Last year, Government invested $82 million in the KiwiSport programme to help start a pattern which we would hope would lead to a lifetime of enjoyment and challenge through sport.
But I’m also really interested in what we are calling Green Prescriptions Active Families programmes – these are the types of community based health initiatives designed specifically to increase physical activity in children aged under 18 years of age. Last year there were over seven hundred families involved in such a programme.
Finally, I want to return to the association made with the diabetes tsunami I referred to earlier.
One of the most incredible things that has emerged out of the natural disasters in the Pacific, or more recently our own devastation emerging out of the earthquake in Christchurch has been to see the resilience and the enduring optimism that reflects the community response.
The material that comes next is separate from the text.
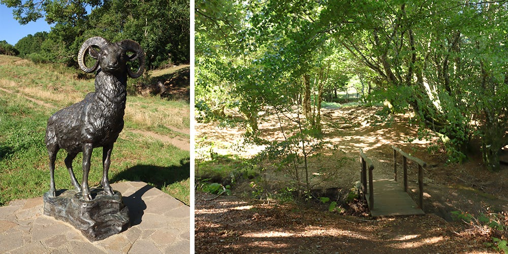 The 8-kilometre hike, called ‘Circuit: Le Sommet du Caroux’, starts in the little hamlet of Douch, part of Rosis. By following the simple yellow stripes, this walk takes about three hours (2.5 without moaning kids…), according to the sign. Chéri and I left in good spirits, to begin with an ascent of about 300 meters through a beautiful forest. Soon enough, the path went horizontal again, and we marvelled at the breathtaking view over the Espinouse Mountains, part of the Haut-Languedoc Regional Natural Park. A bit further on, Chéri and I arrived at the orientation display so that we understood what we saw in front of us. The Caroux is a real mountain, split by rivers and canyons like the Gorges d’Héric and the Gorges de Colombières. Gazing over the magnificent landscape, it was easy to understand how this magical place has inspired many mysterious legends.

In much the same way, I truly believe the collective strength of our families and our communities offers the most remarkable lesson for how we answer the question: who cares about New Zealand’s waistline?
You will all be aware of my efforts to increase the number of publicly funded bariatric surgery operations.
The Minister of Health and I are looking at a number of options to ensure there is a sustainable increase in bariatric surgery, and I hope we will be in a position to make an announcement in the next few months.
I have a deeply personal commitment to the whole issue of reducing obesity and increasing healthy lifestyle. Eleven months ago my life changed dramatically – and for the better. While I attribute much of my new outlook to the impact of bariatric surgery; I could not possibly have achieved such change without the staunch and consistent support of my children, my mokopuna, my husband, my greater whanau.
At our marae
we are consistently trying to increase the range of healthy
options we have so that our tables are laden with fruit and
bottles of water rather than lollies and fizz.
And so I
am so proud to stand here in front of you today, to share
with you the excitement; and the wonder that each day now
brings, as I approach life with so much more energy; and so
much more hope.
My story is not just one about a surgical procedure – not withstanding the huge value I place on having such interventions in place. My experience has also been so positive because of the difference made within our household; the influence I can see for our mokopuna through the approach we now take to maintaining a healthy lifestyle.
The greatest gift for me, as a result of the changes I have made, is that I not only feel well, but I know that wellbeing amongst our whanau is a shared priority; an outcome and an aspiration that all of us hold dear.
I thank you, again, for the opportunity to be part of this very special forum; and I will be keenly awaiting the recommendations that come out of this day.